■ TASK GOAL:
Below are the records; give again exactly the lines from the one containing "希瓦古城廣場(chǎng)上的手工藝人扎米拉(右)和孩子。" through the one containing "Lära gå vagn MICKI i trä med stålbygel", leaving out pictures.

■ RECORDS FOR THE EXERCISE:
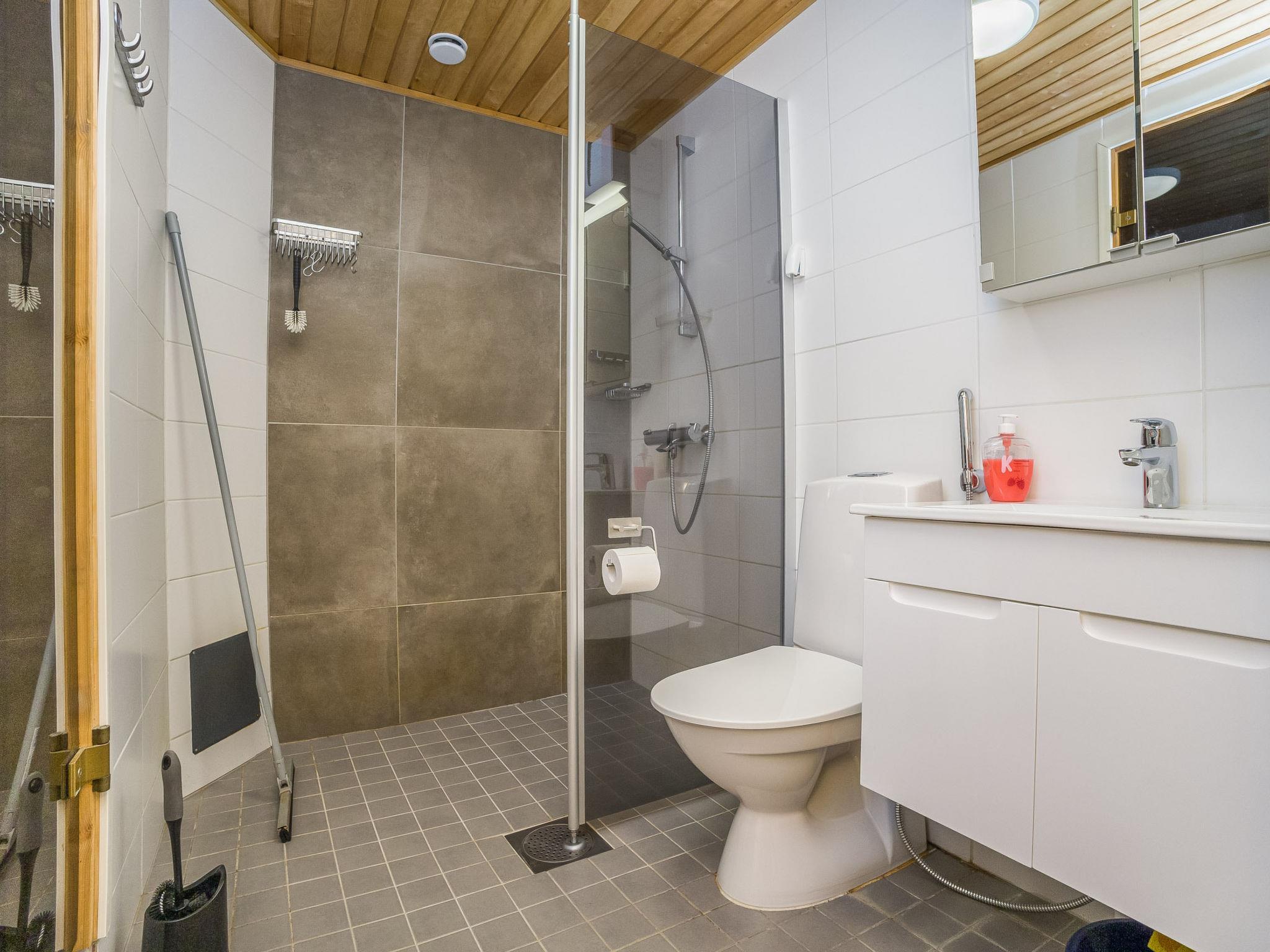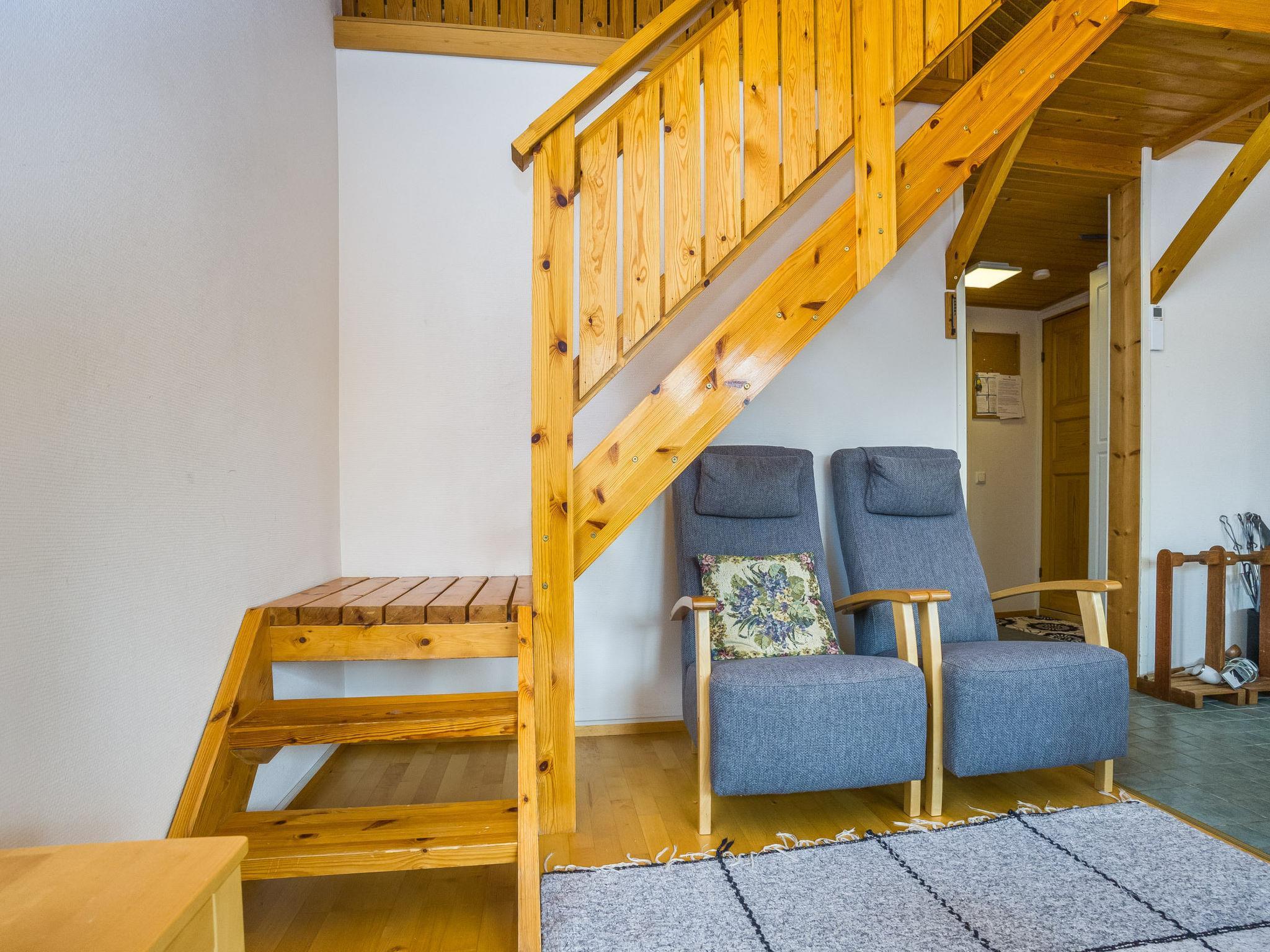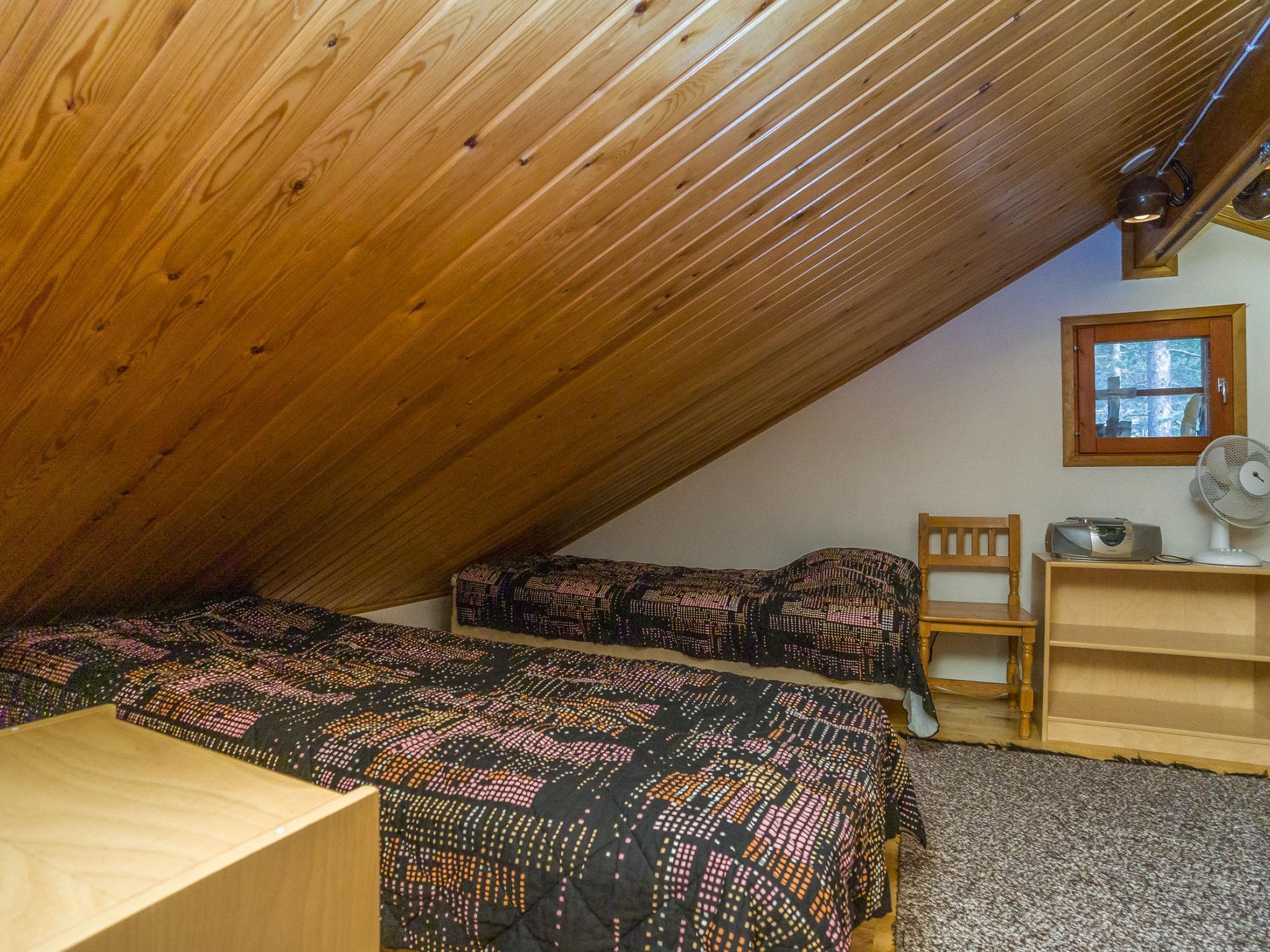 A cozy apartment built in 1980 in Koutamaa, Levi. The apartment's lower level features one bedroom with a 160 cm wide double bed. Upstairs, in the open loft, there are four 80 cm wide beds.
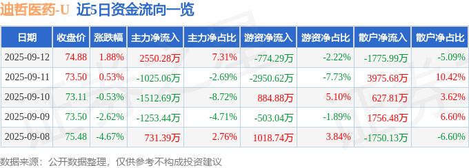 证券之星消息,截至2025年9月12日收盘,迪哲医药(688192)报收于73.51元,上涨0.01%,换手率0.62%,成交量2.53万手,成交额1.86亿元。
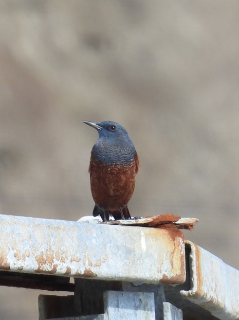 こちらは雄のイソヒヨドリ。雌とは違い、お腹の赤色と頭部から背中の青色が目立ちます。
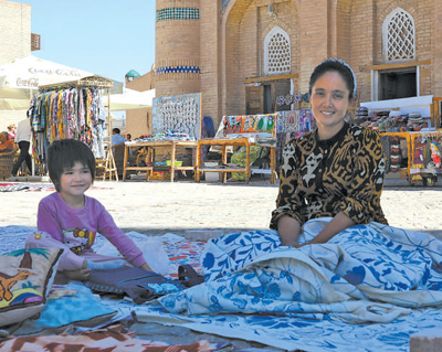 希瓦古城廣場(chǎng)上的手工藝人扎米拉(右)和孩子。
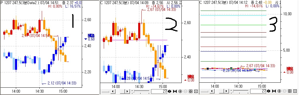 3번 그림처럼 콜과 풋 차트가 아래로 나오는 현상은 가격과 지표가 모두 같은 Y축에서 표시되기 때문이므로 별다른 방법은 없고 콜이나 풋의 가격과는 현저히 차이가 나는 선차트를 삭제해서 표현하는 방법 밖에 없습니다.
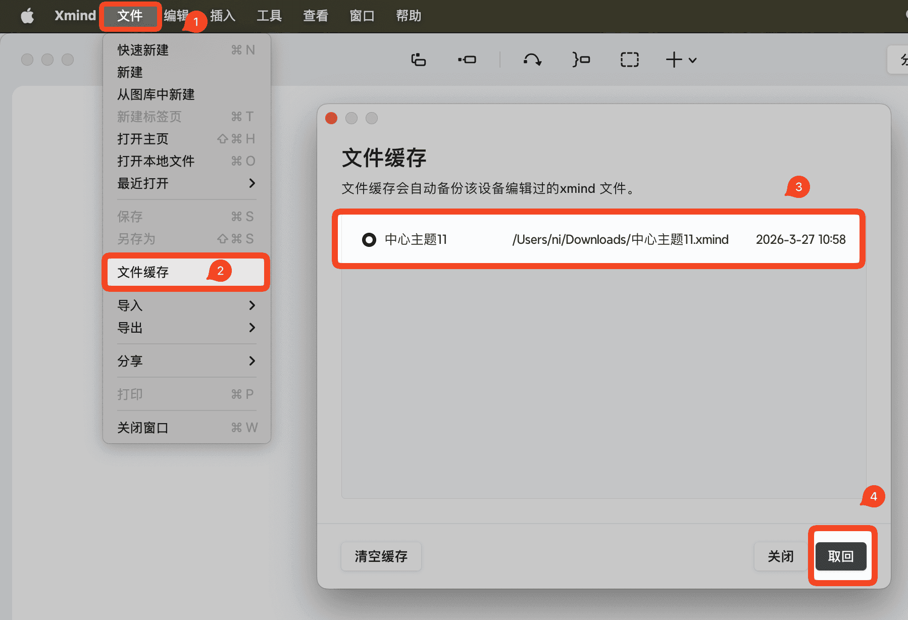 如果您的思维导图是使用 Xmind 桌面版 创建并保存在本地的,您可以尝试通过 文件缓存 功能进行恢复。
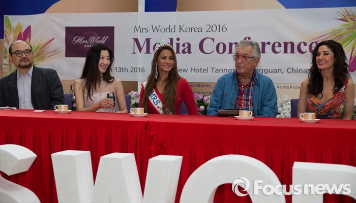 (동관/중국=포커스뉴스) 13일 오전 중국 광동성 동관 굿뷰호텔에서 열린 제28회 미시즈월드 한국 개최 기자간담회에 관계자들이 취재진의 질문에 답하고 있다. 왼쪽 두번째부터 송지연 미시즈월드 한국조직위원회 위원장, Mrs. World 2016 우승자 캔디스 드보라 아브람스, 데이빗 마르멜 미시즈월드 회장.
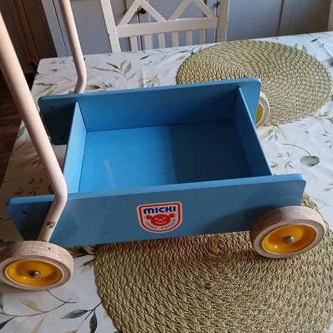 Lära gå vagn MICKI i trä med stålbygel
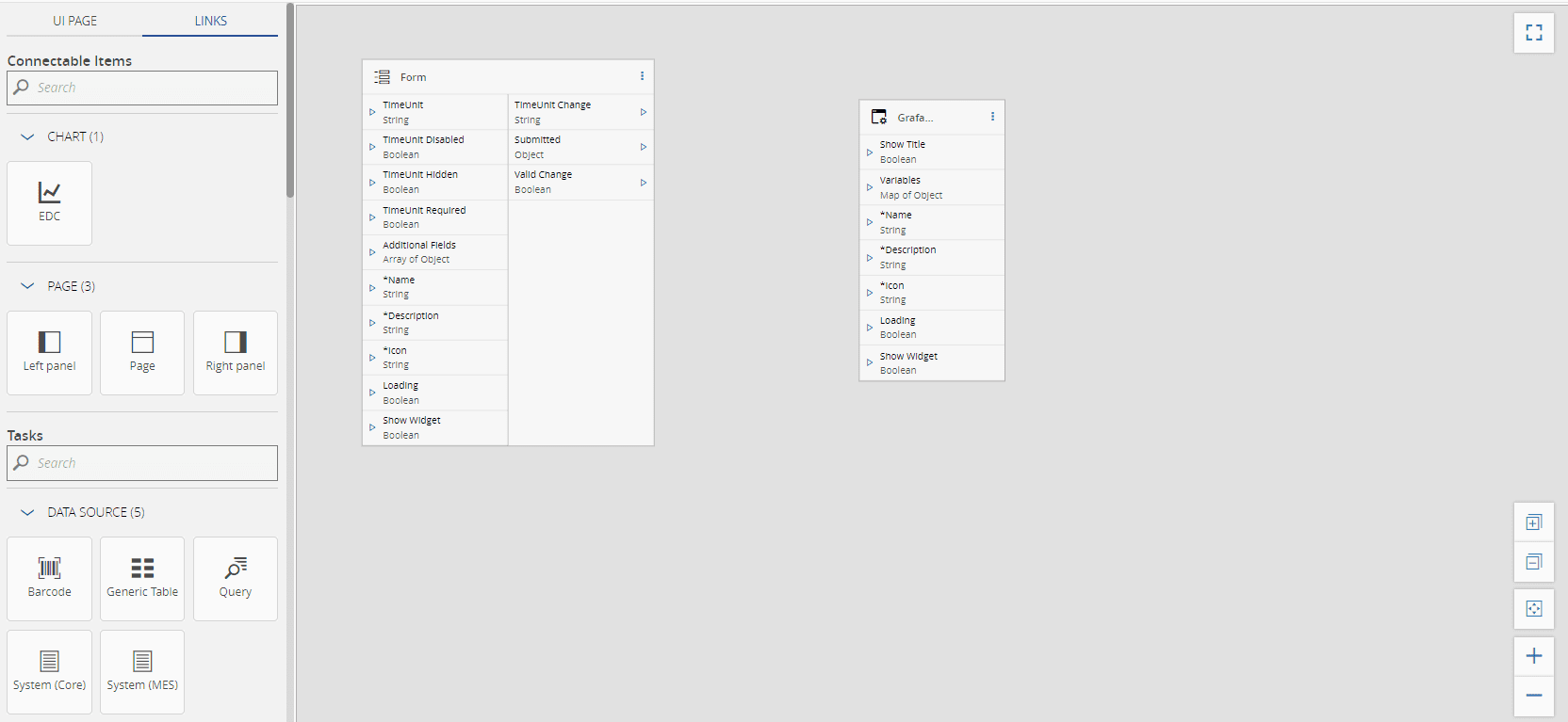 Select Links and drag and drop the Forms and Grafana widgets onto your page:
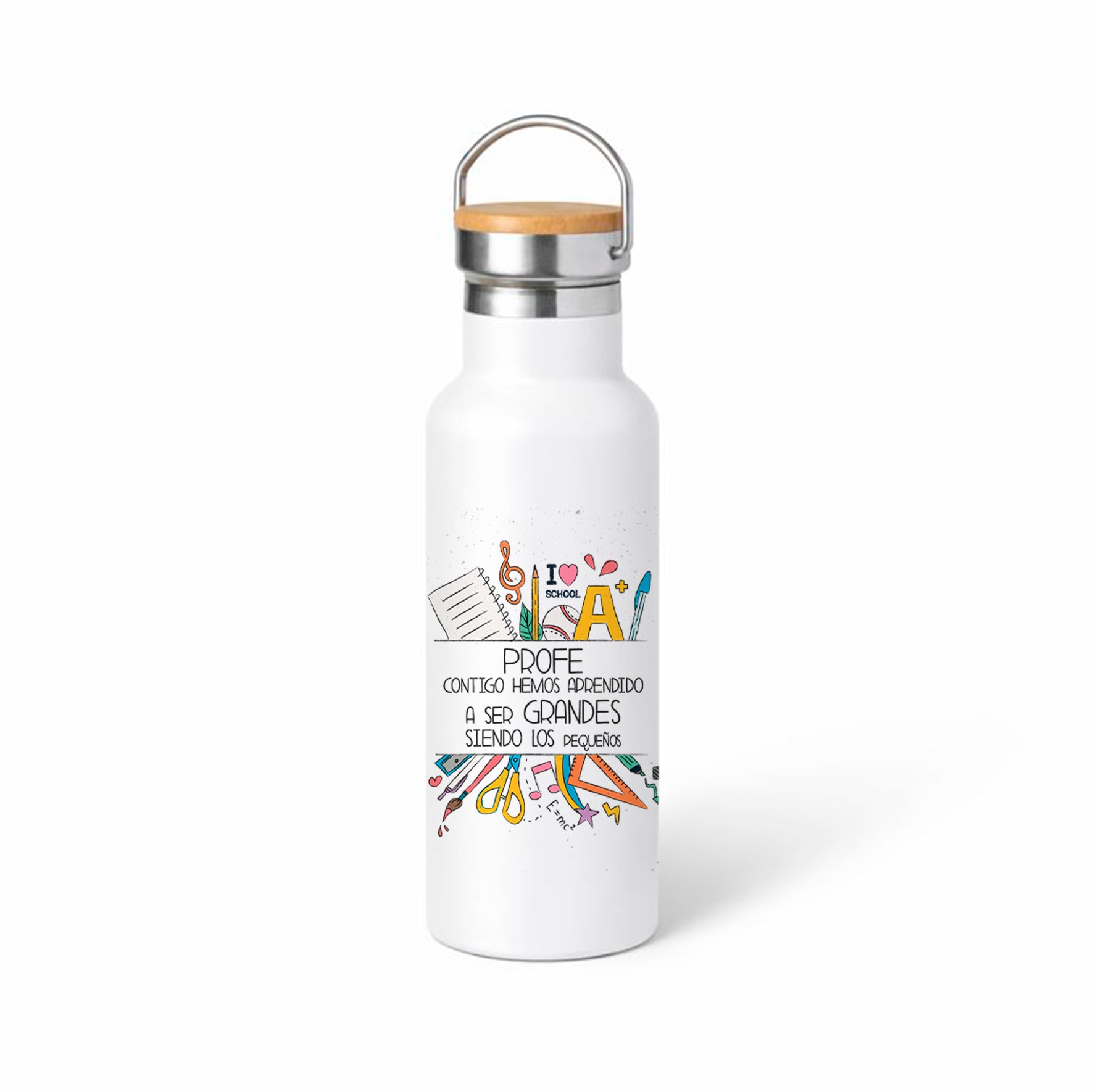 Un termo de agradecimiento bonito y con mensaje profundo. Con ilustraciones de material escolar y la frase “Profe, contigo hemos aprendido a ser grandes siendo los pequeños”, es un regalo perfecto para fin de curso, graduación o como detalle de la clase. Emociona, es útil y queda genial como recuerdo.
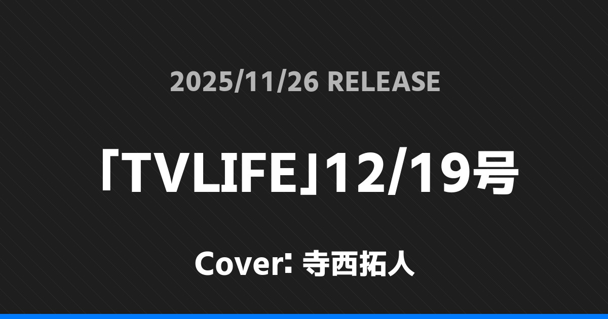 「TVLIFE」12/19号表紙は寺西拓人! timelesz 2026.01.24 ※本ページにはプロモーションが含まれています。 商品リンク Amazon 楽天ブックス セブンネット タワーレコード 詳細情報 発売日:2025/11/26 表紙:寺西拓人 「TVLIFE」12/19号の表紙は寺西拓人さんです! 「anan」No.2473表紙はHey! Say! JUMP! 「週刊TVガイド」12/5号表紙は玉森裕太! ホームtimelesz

■ ANSWER TO THIS EXERCISE:
 希瓦古城廣場(chǎng)上的手工藝人扎米拉(右)和孩子。
 3번 그림처럼 콜과 풋 차트가 아래로 나오는 현상은 가격과 지표가 모두 같은 Y축에서 표시되기 때문이므로 별다른 방법은 없고 콜이나 풋의 가격과는 현저히 차이가 나는 선차트를 삭제해서 표현하는 방법 밖에 없습니다.
 如果您的思维导图是使用 Xmind 桌面版 创建并保存在本地的,您可以尝试通过 文件缓存 功能进行恢复。
 (동관/중국=포커스뉴스) 13일 오전 중국 광동성 동관 굿뷰호텔에서 열린 제28회 미시즈월드 한국 개최 기자간담회에 관계자들이 취재진의 질문에 답하고 있다. 왼쪽 두번째부터 송지연 미시즈월드 한국조직위원회 위원장, Mrs. World 2016 우승자 캔디스 드보라 아브람스, 데이빗 마르멜 미시즈월드 회장.
 Lära gå vagn MICKI i trä med stålbygel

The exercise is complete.